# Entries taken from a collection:
########################################

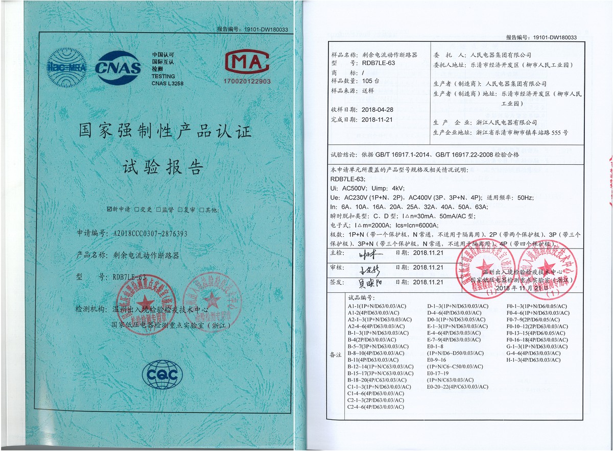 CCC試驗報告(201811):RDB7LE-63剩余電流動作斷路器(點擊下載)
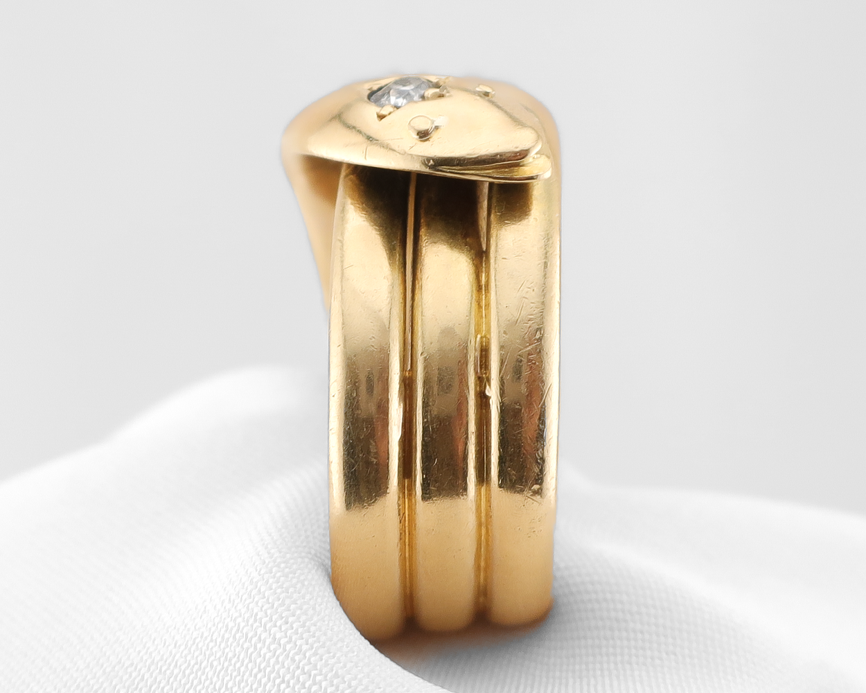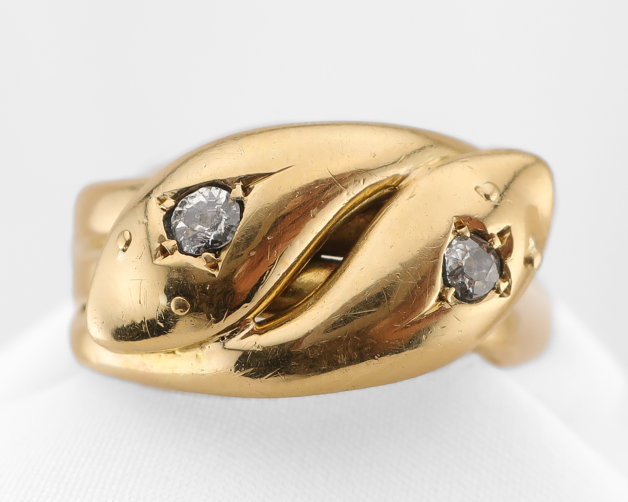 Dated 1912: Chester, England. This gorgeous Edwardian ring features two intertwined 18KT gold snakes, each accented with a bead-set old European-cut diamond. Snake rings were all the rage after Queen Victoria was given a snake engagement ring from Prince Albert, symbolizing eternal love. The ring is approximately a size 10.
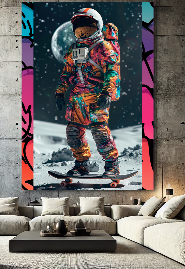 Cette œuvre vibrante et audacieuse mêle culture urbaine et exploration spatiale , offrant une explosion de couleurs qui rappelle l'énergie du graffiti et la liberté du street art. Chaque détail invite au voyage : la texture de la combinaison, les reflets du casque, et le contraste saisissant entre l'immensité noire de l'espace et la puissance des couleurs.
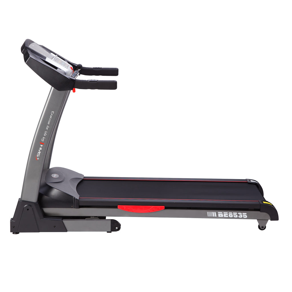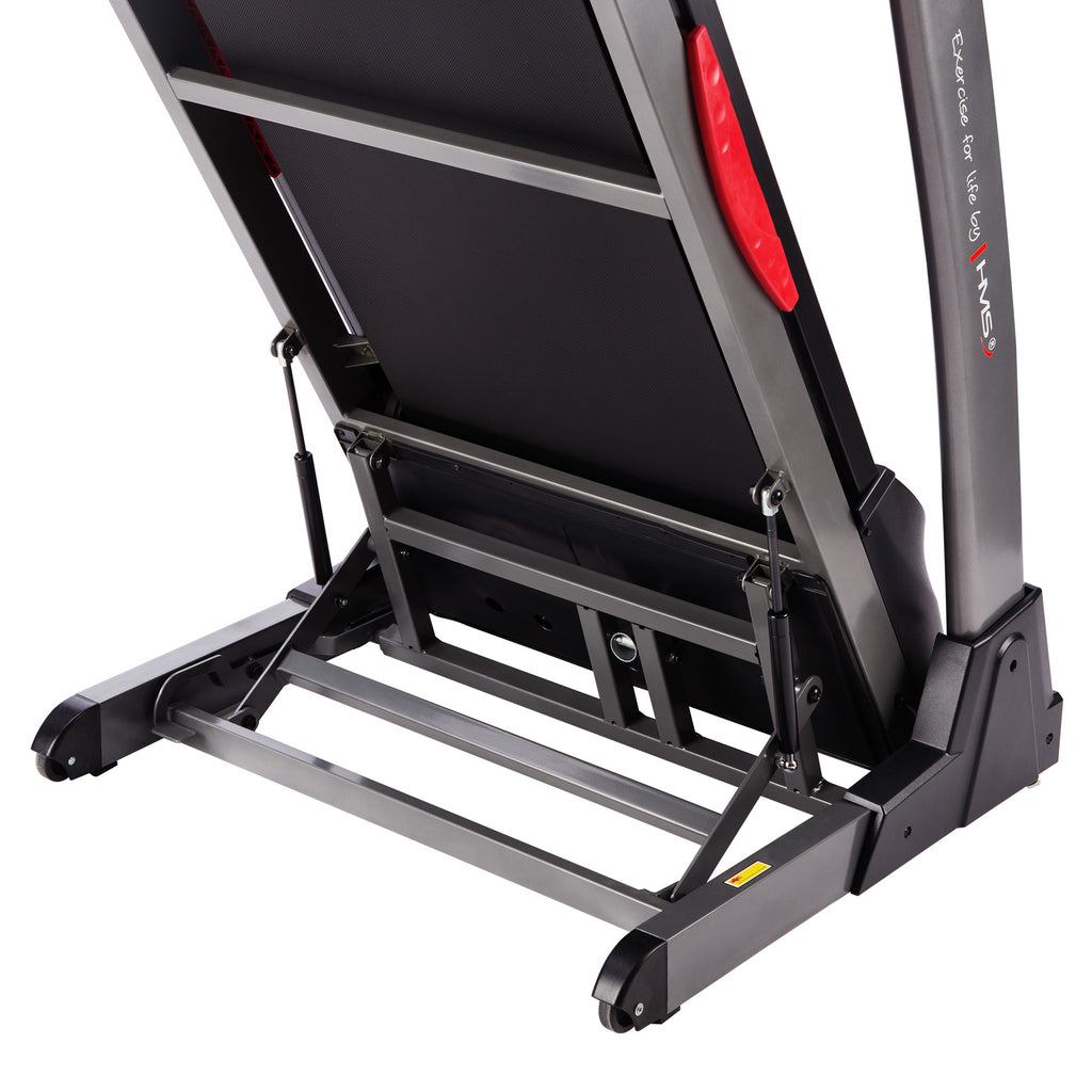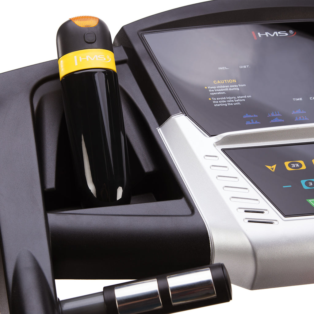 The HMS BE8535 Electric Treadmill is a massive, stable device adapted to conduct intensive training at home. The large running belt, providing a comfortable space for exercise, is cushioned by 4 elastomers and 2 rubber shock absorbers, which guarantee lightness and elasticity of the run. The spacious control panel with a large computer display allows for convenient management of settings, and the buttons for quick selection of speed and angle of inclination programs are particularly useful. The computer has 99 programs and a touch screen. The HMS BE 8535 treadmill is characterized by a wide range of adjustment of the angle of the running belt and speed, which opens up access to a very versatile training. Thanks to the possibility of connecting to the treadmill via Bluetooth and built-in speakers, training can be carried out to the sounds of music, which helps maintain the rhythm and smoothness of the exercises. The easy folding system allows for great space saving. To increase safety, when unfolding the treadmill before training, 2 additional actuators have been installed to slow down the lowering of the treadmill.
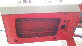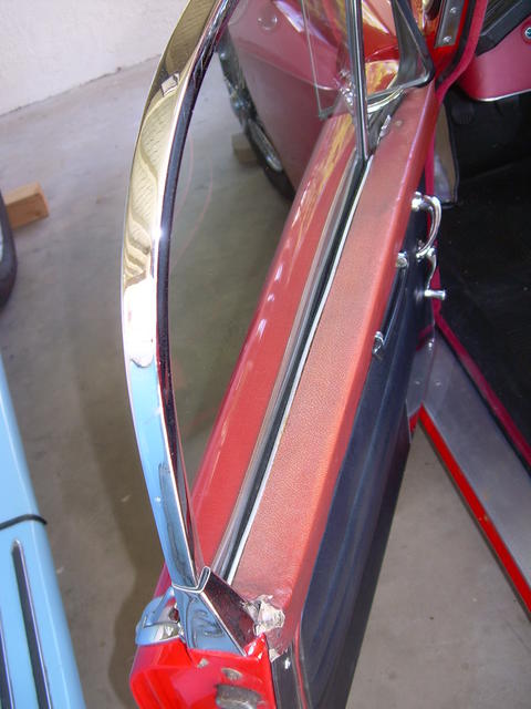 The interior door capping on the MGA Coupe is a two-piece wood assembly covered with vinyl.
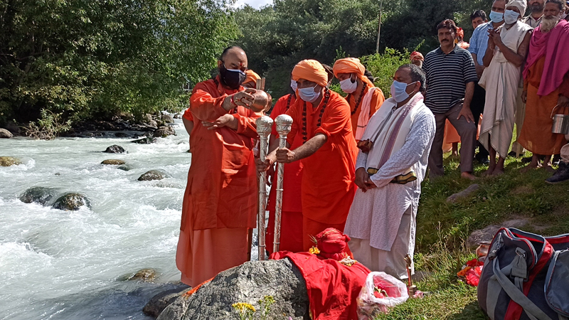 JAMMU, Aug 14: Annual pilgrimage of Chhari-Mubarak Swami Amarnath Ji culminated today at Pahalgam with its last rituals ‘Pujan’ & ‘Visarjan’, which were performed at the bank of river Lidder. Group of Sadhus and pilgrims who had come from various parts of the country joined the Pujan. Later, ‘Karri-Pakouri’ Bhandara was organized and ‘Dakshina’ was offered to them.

########################################

# Exercise brief:
Starting at the line above that holds "The HMS BE8535", return each line up to and including the one that holds "The interior door", exactly as written, minus any pictures.

# Task answer:
 The HMS BE8535 Electric Treadmill is a massive, stable device adapted to conduct intensive training at home. The large running belt, providing a comfortable space for exercise, is cushioned by 4 elastomers and 2 rubber shock absorbers, which guarantee lightness and elasticity of the run. The spacious control panel with a large computer display allows for convenient management of settings, and the buttons for quick selection of speed and angle of inclination programs are particularly useful. The computer has 99 programs and a touch screen. The HMS BE 8535 treadmill is characterized by a wide range of adjustment of the angle of the running belt and speed, which opens up access to a very versatile training. Thanks to the possibility of connecting to the treadmill via Bluetooth and built-in speakers, training can be carried out to the sounds of music, which helps maintain the rhythm and smoothness of the exercises. The easy folding system allows for great space saving. To increase safety, when unfolding the treadmill before training, 2 additional actuators have been installed to slow down the lowering of the treadmill.
 The interior door capping on the MGA Coupe is a two-piece wood assembly covered with vinyl.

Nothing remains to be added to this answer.